Eritrea’s representative asked how countries that have not reached a high technological level for digital welfare systems can avoid creating systems that impede access. The representative of Morocco said there needs to be a balance between the digital age’s benefits and the dangers that new technologies bring with it. The most financially vulnerable often do not have the digital access they need to access their benefits.
Mr. ALSTON, responding to Kenya’s delegate, noted that newspapers in that country have devoted much attention to the ways in which the new Kenyan identity card would be used. Those reports have focused on the Huduma bill, which was recently presented by the Government to Parliament. Section 8 of that bill says that every resident individual — not just Kenyan nationals — shall have a mandatory obligation to present their biometric identity number in order to be issued with a passport, apply for a driver’s license, register a mobile phone, register as a voter, pay taxes, transact in the financial markets, open a bank account, register a company, transfer land, register for electricity, access health care, benefit from the Government’s housing scheme, and a host of other public services. The conditions that the Government has formally proposed should be attached to use of the card are extensive. Other concerns relate to the existence of a great many individuals who have long remained off the official radar in the sense of being unregistered, such as the Nubian population who are effectively stateless. The new identity card system is highly likely to exacerbate that situation. He expressed hope that these matters will be resolved by litigation that is currently under way in the Supreme Court of Kenya.
Responding to other comments, he said that in some ways, the European Union and its regulatory structures represent “the best hope” for counteracting monopolization by big technology. Regarding the use of new technology to help the poor, he said technology can be used negatively to track consumption patterns of people on welfare, so that if they are doing things they should not be doing, their benefits are cut. A serious system would see a problem and trigger assistance, he said, not the cancelation of benefits. To Eritrea’s representative, he said some countries in the global South feel that they must immediately move to a comprehensive biometric system, but the reality is that today’s “state‑of‑the‑art” will not be that of tomorrow. As a result, if a developing country thinks it should immediately embrace new technology, the response should be that, in a couple of years, there will be new systems that might be more affordable.
Also speaking were the representatives of China and France.
KAREN PIERCE (United Kingdom), on behalf of 69 countries, expressed concern that women human rights defenders are disproportionately exposed to gender‑specific barriers, threats and violence. She also expressed alarm at the number of attacks against journalists and media workers. She strongly condemned any act of intimidation and reprisal, whether online or offline, against individuals and groups who cooperate or seek to cooperate with the United Nations. In this respect, she urged States to ensure adequate protection against such acts by raising awareness and by investigating and ensuring accountability and effective remedy for such acts, whether perpetrated by State or non‑State actors. Everything should be done to enable them to work and live in safety without fear of intimidation or violence. She welcomed the positive steps taken by those States that have responded to acts of reprisals against persons and groups in their countries.

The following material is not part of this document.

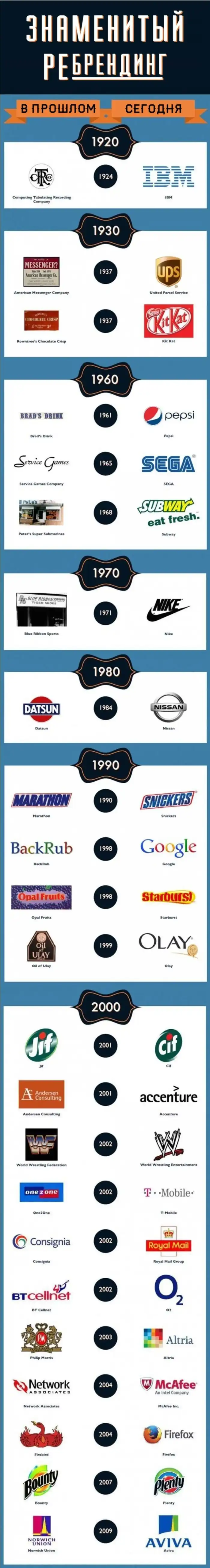 Довольно интересный инфографик, демонстрирующий нам ребрендинг известных на весь мир компаний.

EGRISELDA ARACELY GONZÁLEZ LÓPEZ (El Salvador), speaking for the LGBTI United Nations Core Group, said protecting lesbian, gay, bisexual, transgender and intersex individuals from violence and discrimination does not require the creation of new or special rights. The legal obligations of States to uphold the human rights of all individuals, including LGBTI persons, without distinction of any kind, are well established in international human rights law. Many people around the world suffer violence and discrimination because of their actual or perceived sexual orientation, gender identity or sex characteristics. Over the last five years, nine countries have decriminalized homosexuality and some progress has been achieved in fighting violence and discrimination based on sexual orientation and gender identity. However, there are still 69 countries where consensual same‑sex behaviour between adults is criminalized. An inclusive society enables every person, including LGBTI persons, to enjoy protection from violence and discrimination, she declared.
MARCEL ROIJEN, European Union delegation, said that protecting and promoting human rights requires a strong accountability framework, especially in situations where violations are seen on a systemic scale. In this regard, he underscored his support for an effective International Criminal Court and called for the universal ratification of the Rome Statute. Expressing concern about reprisals against civil society organizations and rights defenders cooperating with the United Nations, he went on to outline initiatives to promote positive human rights stories, and pointed to recently adopted guidelines on water and sanitation, which underline the European Union’s commitment to help make safe drinking water and sanitation accessible worldwide.
Ms. WAGNER (Switzerland) expressed concern that national security plans are at times prioritized over human rights. She underscored Switzerland’s focus on women’s rights in the context of armed conflict, peacebuilding and conflict prevention, pointing to the disproportionate effects of armed conflict on women, as sexual violence is used as a weapon of war. In an era of digital transformation which creates new challenges, she recognized the huge potential of digitalization for human rights protection. However, digital technology also brings new forms of harassment and intimidation, especially towards women and the protection of their privacy. Human rights must be defended as strongly in the digital world as they are in the real world, she asserted.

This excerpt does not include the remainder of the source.